Question

In Chapter 1 of the text we looked at calculating a monthly payment for a loan. A related formula is to calculate the amount accruing when regular payments are made into an interest bearing account - often called the Savings Plan formula. (A is the accrued amount after t years of making regular payments, PMT, into an account at interest rate, r%, compounded ntimes each year.) A(t) = PMT·((1 + r/N)N·t - 1)/(r/N) = PMT*((1 + r/N)^(N*t) - 1)/(r/N) The second version is essentially in the form used in Excel Suppose you want to buy a car and have decided that you can save $100 a month. Using information from an internet source, determine the current interest rate on savings accounts and use the information to answer the following: How much money will you have saved in two year’s time? How much will be interest? Why wouldn’t a linear model work here? Can you put the answer in excel?

Answer 1

The given formula for accrued amount = A(t) = PMT*((1 + r/N)^(N*t) - 1)/(r/N)

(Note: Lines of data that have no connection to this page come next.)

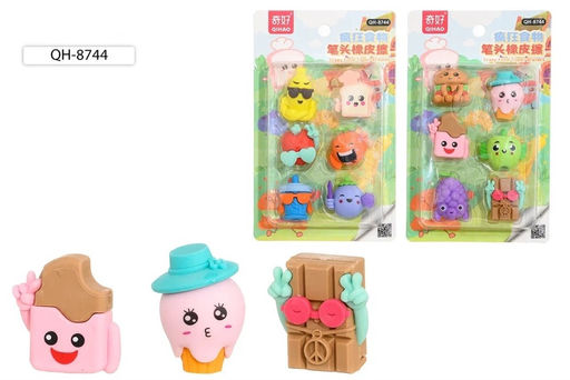 Набор ластиков 6шт. "Веселые фрукты/Food" (QH-8744) в блистере 17*10,5см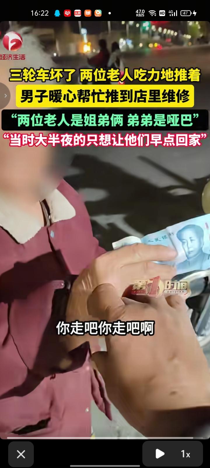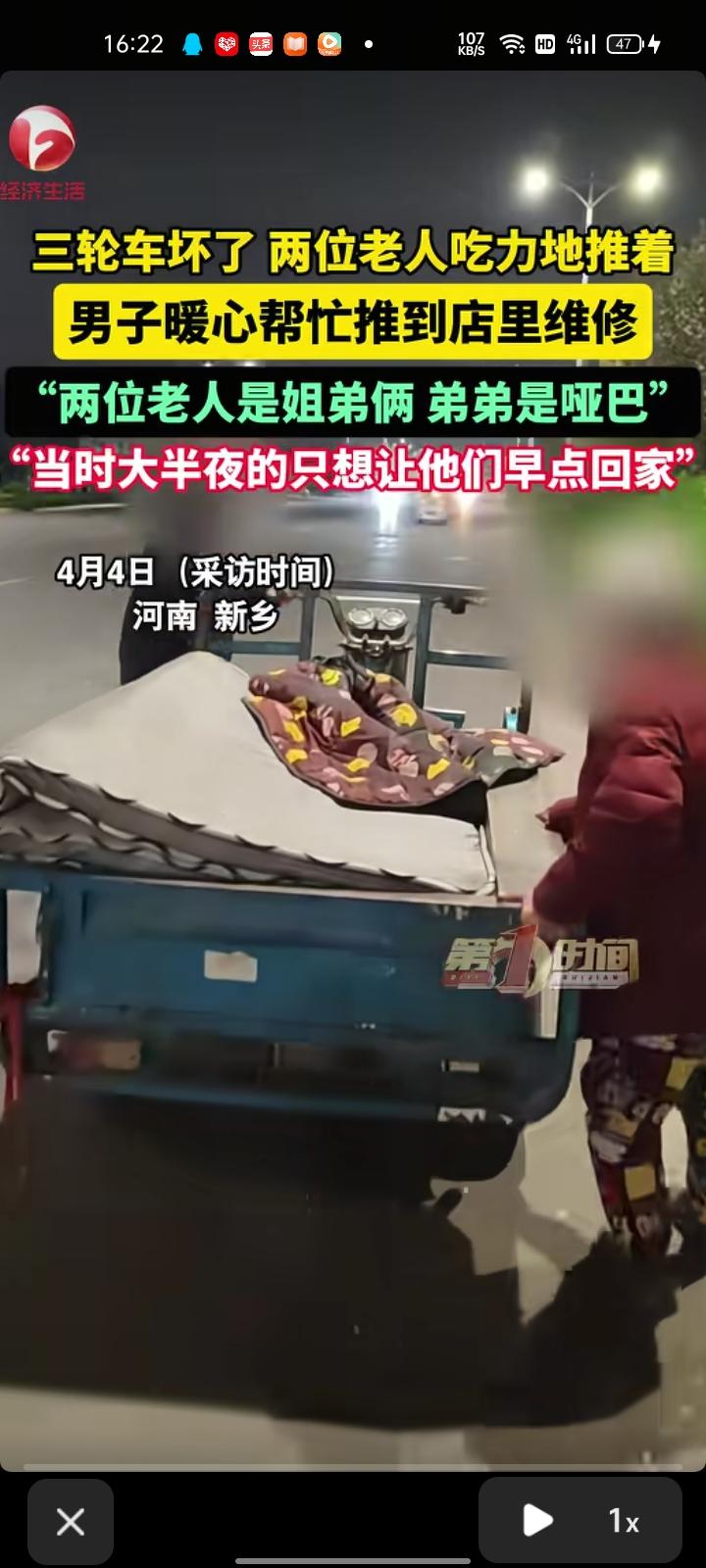 4月1日,河南新乡。网友发视频表示,半夜遇到两个老人吃力的推三轮车,里面是捡来的废品,他们骑着骑着车就不走了。于是,他帮忙把三轮车推到店里维修。 两老人是姐弟俩,弟弟是聋哑人。老人母亲去世后,她就把弟弟接过来照顾了,到现在已经有20多年。听到这句话,真让自己感动到落泪,当时大半夜的只想让他们早点回家街头摆摊老人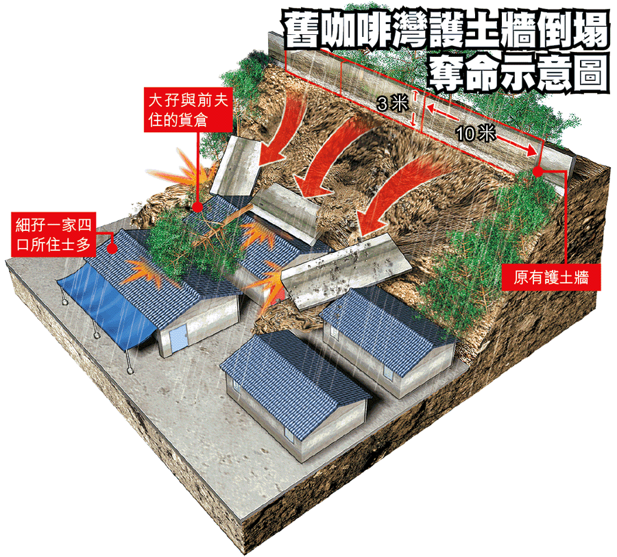 至清晨6時許暴雨連場,村屋後一幅護土牆突然傾塌,一幅3米x10米,重20噸的石屎塊將大孖與前夫住的貨倉壓毀,兩人慘被活埋。隔鄰安記士多練姓東主聞巨響出外查看,即拍門通知仍在睡夢中細孖一家。細孖表示當時完全聽不到塌牆聲,她邊哭邊說:「我都聽唔到,安記走嚟拍門通知話塌山泥,我哋先知有事,走出嚟見到家姐間屋已塌晒。」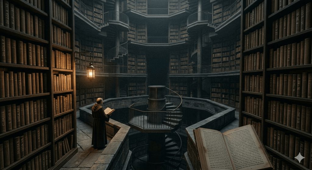 “La biblioteca existe desde la eternidad. Esto significa que tanto la biblioteca de Babel como los bibliotecarios pueden ser obra de un dios o del azar. El número de símbolos ortográficos usados en los libros es de veinticinco, incluyendo el espacio, la coma y el punto. Los libros de Babel están compuestos a partir de combinaciones aleatorias de estos signos, agotando todas las posibles combinaciones (cuyo número es inimaginablemente grande, pero no infinito). Esto demuestra la naturaleza caótica e informe de todos los libros. Por cada palabra que esté escrita, puede haber palabras inconexas, frases incoherentes, que forman lenguas menos incoherentes.»

This formula for an accrued amount after n periods of making regular payments P into an account at the interest rate of r% per period compounded after each period is

P{(1+r)ⁿ - 1)∕r}

Where P = periodic payments, r = rate of interest per period and n – number of periods.

Given P = 100

Periods n , the no. of months = 2 years = 24 months

We calculate the amount for three rates of interests

Interest rate per annum = 4%. 5%. 6%, 10% and 12%

Corresponding interest rates per period(month) = Interest rate p a /12

Converted to decimals.

0.003

0.004

0.005

0.008

0.010

Calculate the accumulated amount using the formula P{(1+r)ⁿ - 1)∕r}

P=	100		n=	24
Interest Rate p a	0.04	0.05	0.06	0.10	0.12
r	0.00	0.00	0.01	0.01	0.01
1+r	1.00	1.00	1.01	1.01	1.01
(1+r)24	1.08	1.10	1.13	1.22	1.27
(1+r)24 - 1	0.08	0.10	0.13	0.22	0.27
((1+r)24 - 1)/r	24.94	25.19	25.43	26.45	26.97
P*((1+r)24 - 1)/r	2494.29	2518.59	2543.20	2644.69	2697.35

Thus $ 100 deposited every month into a savings bank account for 24 months ( two years) will get accumulated to $ 2644.69 at the rate of interest 10% per annum.

The following table gives the total amount saved for 2 years at different rates of interest and the amount of interest.

rate of interest p a	total amount	Interest amount
4.00%	2494.29	94.29
5.00%	2518.59	118.59
6.00%	2543.20	143.20
10.00%	2644.69	244.69
12.00%	2697.35	297.35

The interest for every month is added to the principal and then interest for the current month is calculated.

If we had calculated simple interest then we can work with a linear model.